Bloomberg reports that 40% of Americans will not buy Chinese made goods and a record 60% now have a negative view of the country. It’s about time the public turned negative on China. Young Research has been pointing out the problems in China for years and advising against investment in the country.
In early 2012, we explained.
It is perplexing that the world has allowed a command style economy run by an unelected political party to become such an important player in the global economy. China is now the world’s second largest economy and America’s second-largest trading partner. If China heads into the tank, the world economy will suffer.
No Profit Motive
China doesn’t play by the same rules or have the same motives as the world’s other large economies. China has consistently manipulated its currency to gain export market share and it has subsidized favored industries through its financial system to the detriment of non-Chinese companies. Take the rare earths industry as an example. China now has an effective monopoly on rare earths production.

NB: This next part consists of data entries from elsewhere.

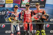 "Sull'acqua non è mai facile, l'importante è non fare errori - ha spiegato il pilota pugliese - anche perché con questa moto non avevamo mai girato sul bagnato. In Ducati abbiamo fatto proprio un bel lavoro". Dietro a Pirro si sono piazzate la Yamaha di Alex Bassani e la Ducati di Riccardo Russo. In Moto3, sempre sotto una pioggia battente, Nicholas Spinelli (Honda) ha vinto per distacco una gara ricca di colpi di scena e di cadute. Dietro al pilota teramano si sono piazzati nell'ordine il leader della classifica e campione in carica Kevin Zannoni (Tm) e Nicola Carraro (Tm).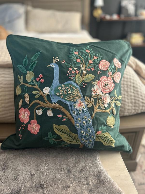 Our Rifle Paper Co. Square Pillow Cover features a decorative peacock print and a lush landscape of winding branches and blooming flowers. It's available in your choice of evergreen, ivory, cream, or navy and coordinates with our Peacock sateen bedding (sold separately). Part of the Rifle Paper Co. x The Company Store collection.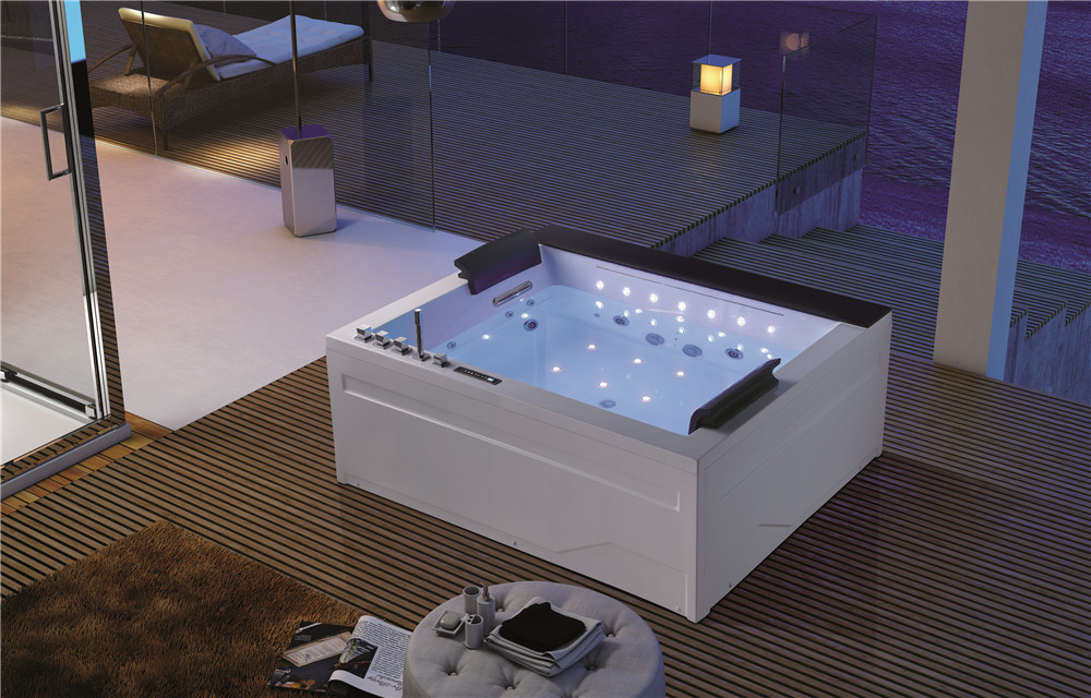 Acrylic 2 person air jetted spa whirlpool massage large space soaking bath tub for adults plastic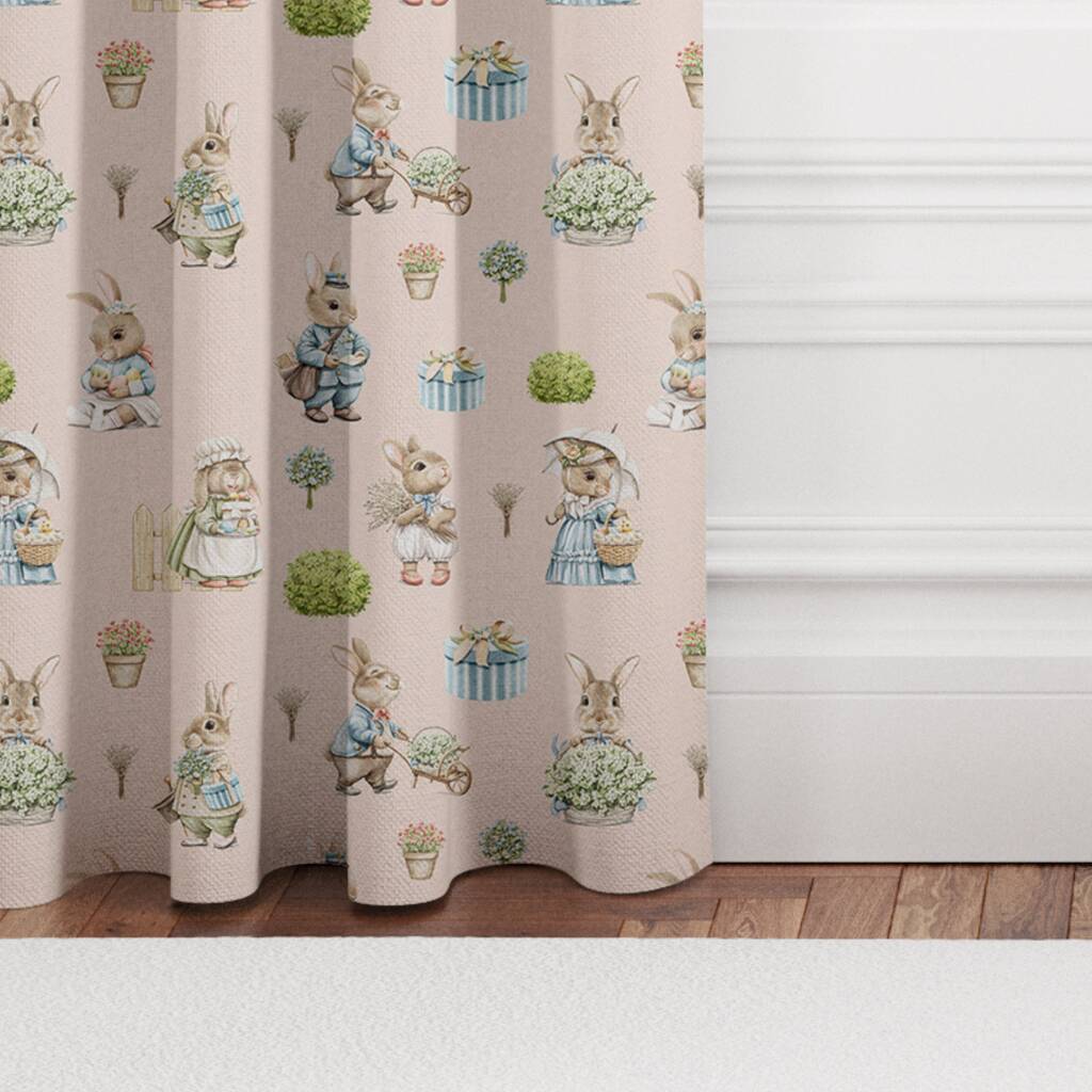 Blackout lined children's bedroom and nursery curtains featuring the cutest family of bunny rabbits, keeping busy in the sunshine, gardening, baking and posting letters!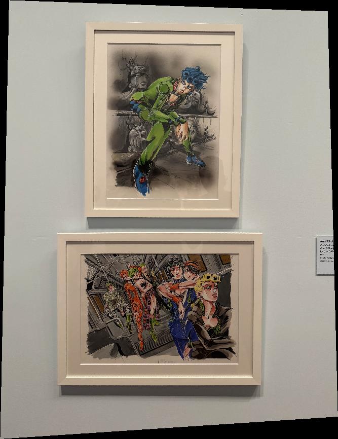 I defined the correspondences for this image using the bottom painting of the photo to compute \(H\).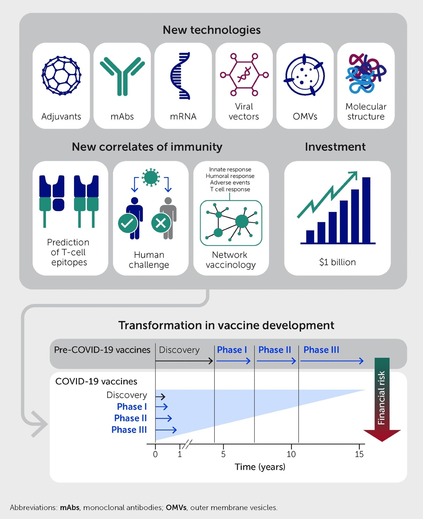 The COVID-19 pandemic radically changed the vaccine development process. Pre-pandemic, the development process entailed sequential phases of discovery, early-development, and phase I–III clinical trials over a period of 15 years or so. For COVID-19 vaccines, new technologies, new correlates of immunity, and early public investment allowed all steps to establish safety and efficacy to be completed in parallel within 10 months and with less financial risk to developers.
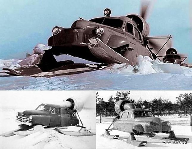 Советские аэросани представляли собой кузов серийного автомобиля Победа, который был установлен на лыжи с авиационным мотором АИ-14 мощностью 260 л. с.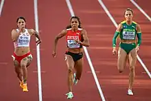 At the 2017 World Championships in London, Kambundji finished 10th in the 100 m competition.[10] In the 4 × 100 m relay event, she and her teammates Ajla Del Ponte, Sarah Atcho and Salomé Kora improved the national record in the semi-finals[11] and finished fifth in the final.[12] At the end of the year, Kambundji announced that she will work with Dutch coach Henk Kraaijenhof in the future.[13] Their working relationship was terminated after only two months, however.[14] She switched coaches again to Adrian Rothenbühler who trained her for five years until November 2022 when her partner Florian Clivaz, a former sprinter, replaced Rothenbühler as Kambundji's coach.[15][16]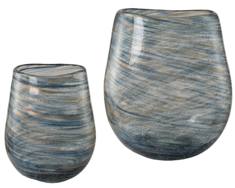 Immerse yourself in the mesmerizing swirled pattern of blue and gold that gracefully adorns these clear bubble glass vases. The delicate dance of colors creates a captivating visual spectacle, making these vases a true statement piece versatile enough to stand alone or to showcase your favorite blooms.Read More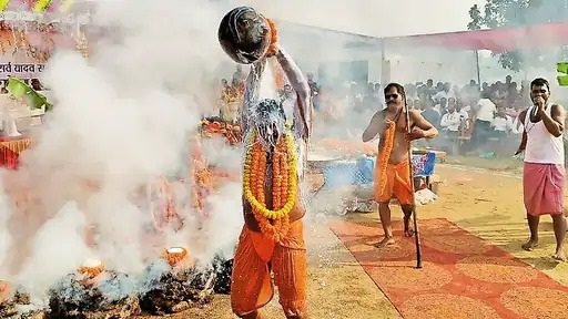 विजयनगर के धान खरीदी केंद्र के समीप बाकी नदी तट पर बने पूजा स्थल पर मिट्टी के घड़े में दूध भरकर गोबर के उपले से आग लगाई गई और उसी में दूध को खौलाया गया। इसके बाद गोविंद भगत यादव ने पूजा से जुड़ी कथा लोगों को सुनाई और परंपरा के अनुरूप खौलते दूध से स्नान कर चमत्कारिक अनुष्ठान प्रस्तुत किया, जिसे देखकर श्रद्धालु अभिभूत हो उठे।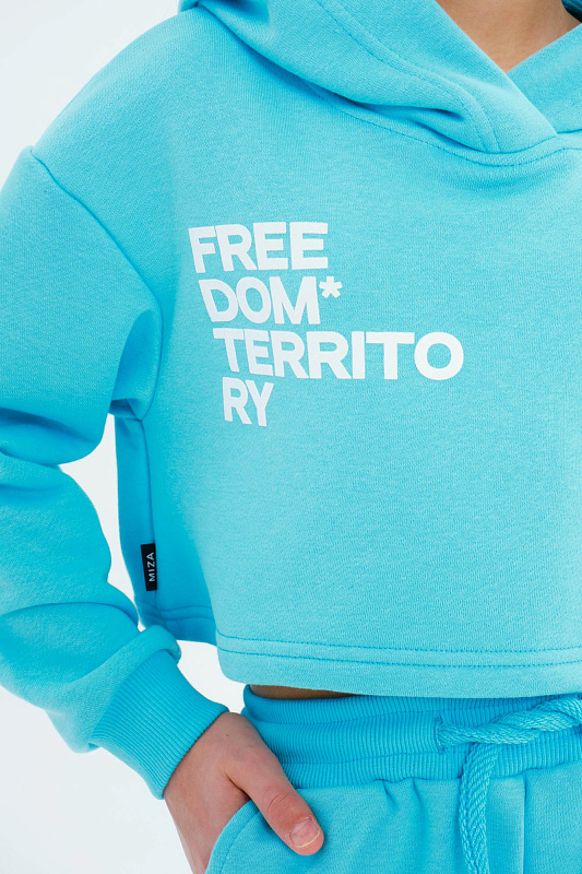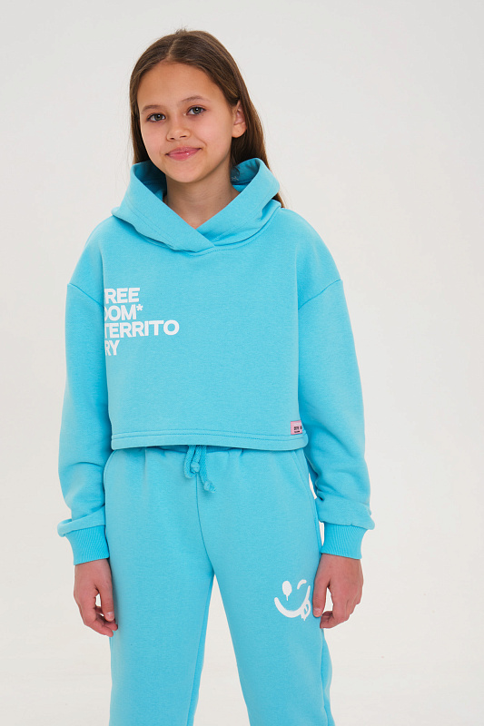 Укороченный худи из мягкого плотного трикотажа Пенье с петельной изнанкой.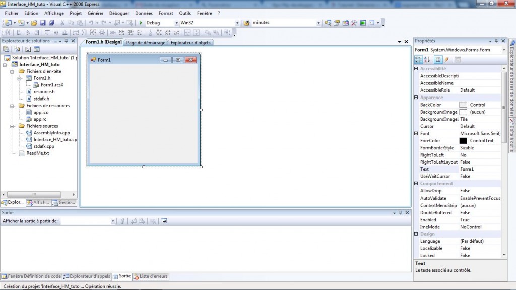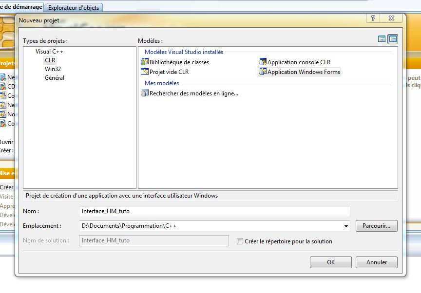 Ouvrez Visual C++ et aller dans « Fichier > Nouveau projet » pour ouvrir la fenêtre de création de nouveau projet. Ensuite, sélectionner « Application Windows Forms » dans la liste « CLR », donnez un nom à votre projet, sélectionnez le répertoire où vous voulez l'enregistrer et enfin, cliquez sur « OK ».
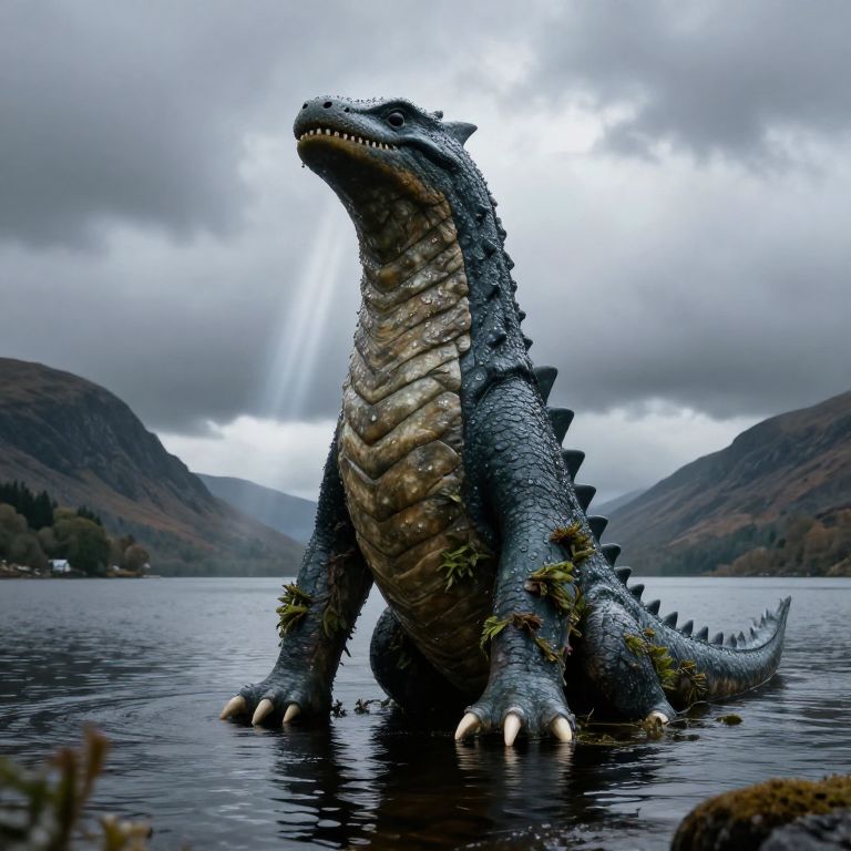 How tall is the Loch Ness Monster visualized as an ancient mythical beast towering above Loch Ness, textured skin glistening with water droplets, aquatic plants clinging to its legs, grand Scottish highlands in the background, with a mysterious light beam breaking through heavy clouds.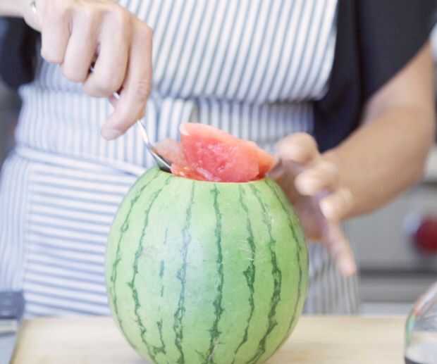 Utilizando una cucharada grande cubiertos-estilo, sacar la cantidad superior de tercera de sandía y apartar. (Úsalo en una ensalada de frutas, o como un snack para mantener su fuerza fabricación.)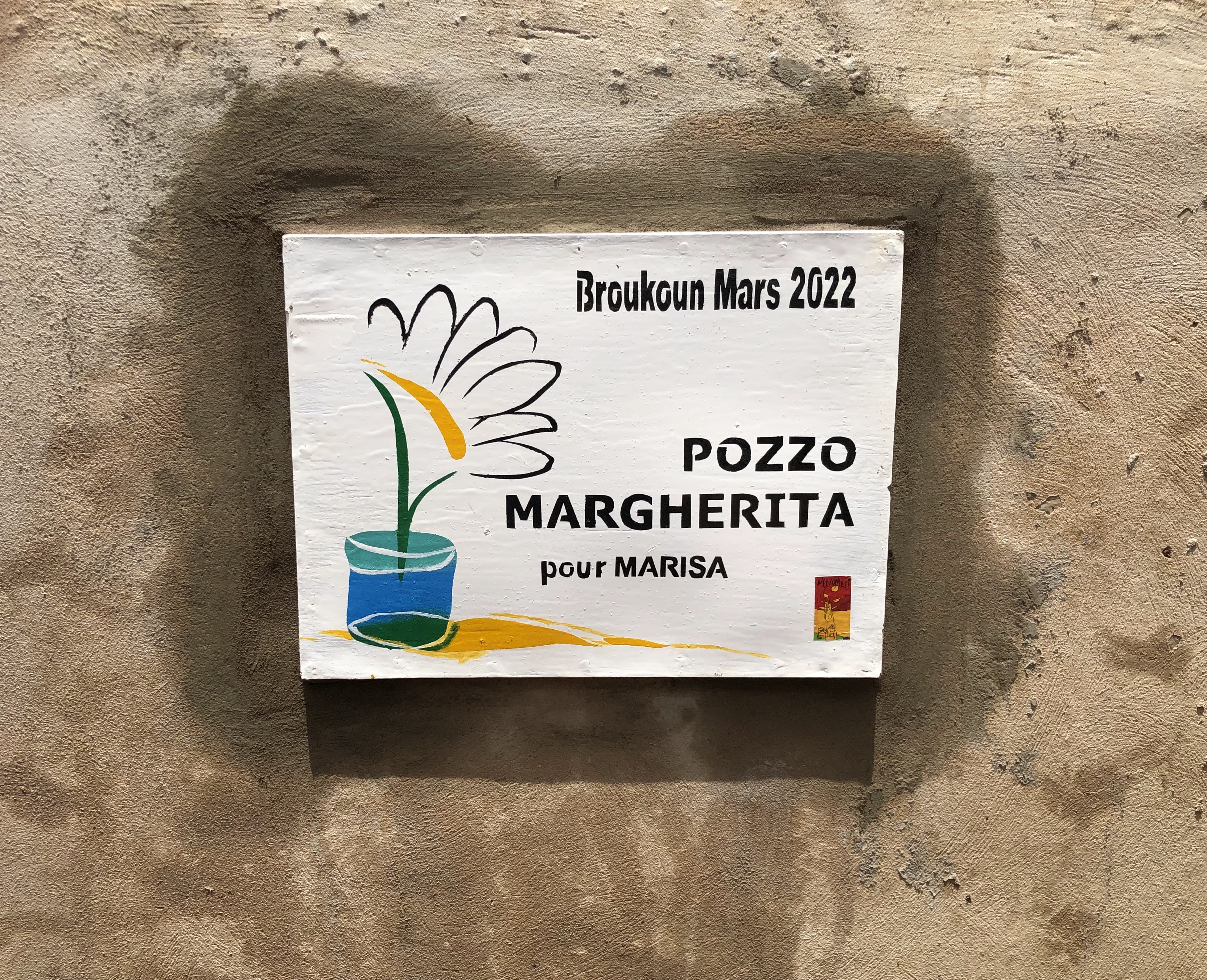La targa 'pozzo Margherita ' realizzata da un artigiano a Kati, svetta stabile e fiera sul lato corto del pozzo, quello orientato a nord, dove c'è la stella polare .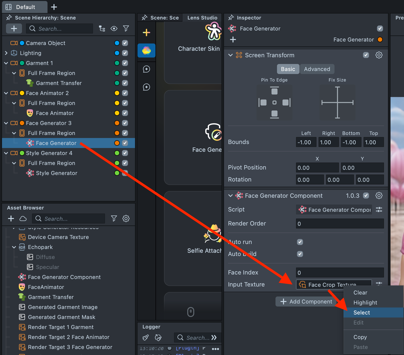 2.15. Open the Face Generator component and locate Face Crop Texture. Hover over it, right-click, and select Select.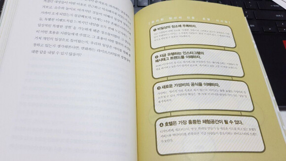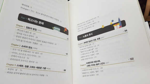 시대의 흐름인 트렌드를 장소와 #해시태그같은 키워드들로 돌아본다는 게 어떨까 싶었는데 읽으면서 굉장히 흥미로운 부분들이 많았고, 나름 유행이나 트렌드를 다 쫓아가진 않는다고 생각했는데 생각외로 나는 트렌드에 맞춰 보고, 생각하고, 경험한 부분도 꽤 된다는 것을 인지할 수 있게 되었다. 게다가 트렌드를 읽으려면 현실을 직시해야한다고 말하는 것처럼 현재시점에서는 정말 많은 부분 바뀌기도 한 부분이나 여전히 많은 사람들이 고정관념처럼 인식하고 있는 부분등 다양하게 생각해볼 수 있었다. 특히나 '집밥'이라는 내용이 공감이 갔다. 생각해보면 인스타나 페이스북에 누군가에게 자신의 경험을 자랑하고 드러내는 세대가 되고 시대가 되니 메뉴 / 맛집에 대한 키워드는 더 확고해졌지만, 엄마나 요리, 국물이라는 부분의 연관어는 점점 사라졌다. 말그대로 시간이 갈수록 취향이 확고해지고 있음을 보여줬고 시대가 변했음을 느꼈다. 집밥이라고 흔히 하면 타지에 사는 자녀가 오랜만에 집에 들려 엄마가 차려준 밥에 쓰는, 별거 아닌 것 같은 반찬이지만 집밥 특유의 따뜻함이 있는 음식들을 이야기하는 부분이였지만 이제는 젊은 엄마들은 대부분 워킹맘이고 육아와 집안일까지 다 병행하는 것이 여간 수고스럽지 않을 수 없음을 아주 정확히 대변해줬다. 나 혼자 자취생활 어느새 4년차라서 처음에는 배달음식도 시켜먹고 나가서 먹기도 많이 먹었지만 점점 더 집밥같은 밥을 먹거나 아니면 사진에 남길만한 음식들을 대부분 먹게 되었던 것 같다. 자연스럽게 변했던 행동들이 트렌드에 맞게 살고 있던 거라니, 어떤 이유에서든 사람들의 생각과 마음이 현시대의 감성을 투영하는 행동들을 보여주는 것에는 부인할 수 없는 사실임을 인정하면서 더 읽게 되었다. 마치 더이상 거실공간처럼 온 가족이 모여서 시간을 보내는 일이 줄어들자 자연스럽게 새로 지어지는 집들에는 방을 오히려 크게 빼는 구조로 지어지는 것이 그런 부분들이겠구나라고 생각되었다.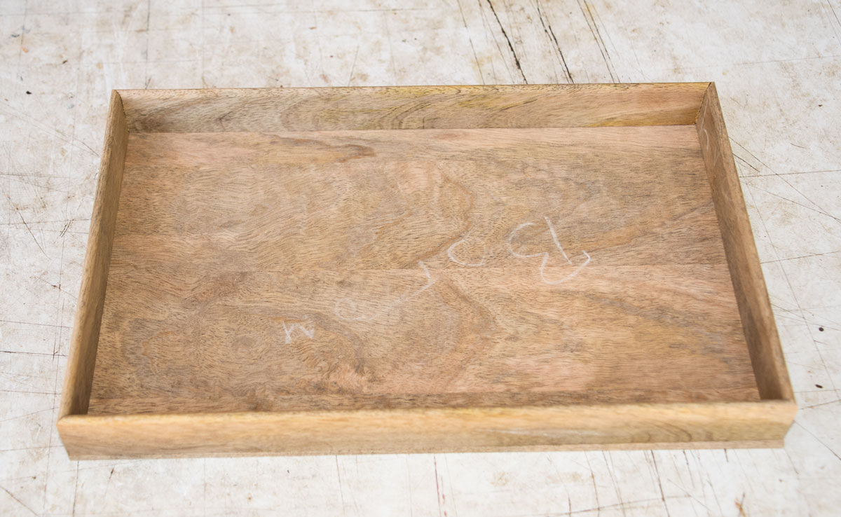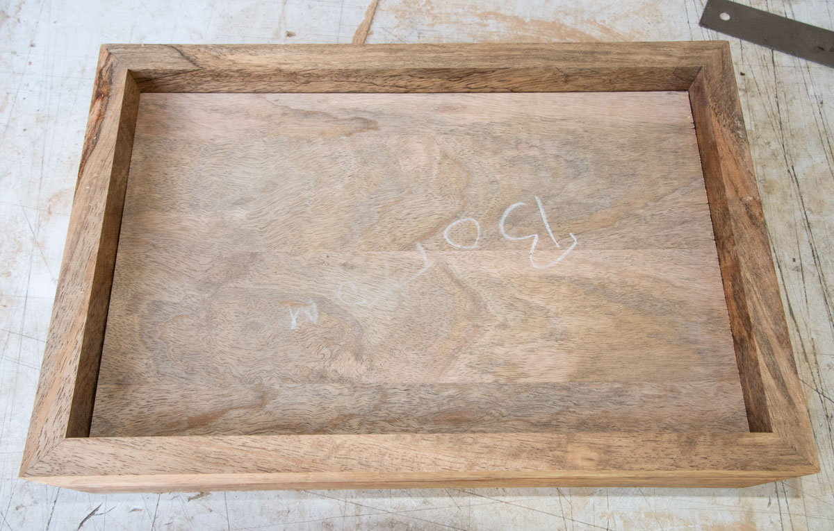 Next, I'm going to work on making the tray. I take the panel I made for the bottom of the tray and place it in the box to mark the length. You can see my mark on the right side of the picture.

Not because of the country’s low labor costs or a lack of reserves in other countries, but because Chinese rare earths companies were provided with subsidized loans. Rare earths companies ramped up production in the ’80s and ’90s and drove prices down to unprofitable levels. The Chinese government was more interested in maintaining stability through high employment then, as they are today. Low prices pushed rare earths producers in the U.S., Australia, and elsewhere out of business. With the support of subsidized loans, China’s rare earths companies were the only companies able to remain in business at such low prices. Now the U.S. relies on China (at least temporarily) for a supply of metals vital to the defense industry and other high-technology industries. Sound like a smart strategy to you?
There is also mounting evidence that China has been hacking into the networks of U.S. companies and organizations. The Wall Street Journal reported recently that a group of hackers (read: the Chinese government) hacked into the U.S. Chamber of Commerce’s computer network. The Journal reports that the hackers may have had access to the Chamber’s network for more than a year before the breach was discovered. The full extent of the damage from the hacking incident will be difficult to determine, but it is possible the Chamber’s network was used to send booby-trapped emails to Chamber members (large U.S. companies) to gain access to their computer networks with the likely intention of stealing trade secrets. According to the U.S. counterintelligence chief, the Chinese are “the world’s most active and persistent perpetrators of economic espionage.”
So then, China unfairly manipulates its currency to gain export market share, it subsidizes favored industries driving companies in America and other countries out of business, and it illegally hacks into U.S. company computer networks. Sound like a country that should be our #2 trading partner? How about a country you want to invest in? I continue to avoid Chinese shares and advise the same for you.
Bloomberg’s Brendan Murray reports:
It’s not quite a new Cold War yet. Just the cold shoulder.
Some 40% of Americans said they won’t buy products from China, according to a survey of 1,012 adults conducted May 12-14 by Washington-based FTI Consulting, a business advisory firm.
That compares with 22% who say they won’t buy from India, 17% who refuse to purchase from Mexico and 12% who boycott goods from Europe.
The poll also found:
- 55% don’t think China can be trusted to follow through on its trade-deal commitments signed in January to buy more U.S. products
- 78% percent said they’d be willing to pay more for products if the company that made them moved manufacturing out of China
- 66% said they favor raising import restrictions over the pursuit of free-trade deals as a better way to boost the U.S. economy
For observers of trade policy, that last point is striking because a large majority in the U.S. have traditionally shunned protectionism. According to Gallup, almost four-fifths of Americans embrace international commerce as an opportunity rather that a threat, a number that’s steadily risen over the past decade.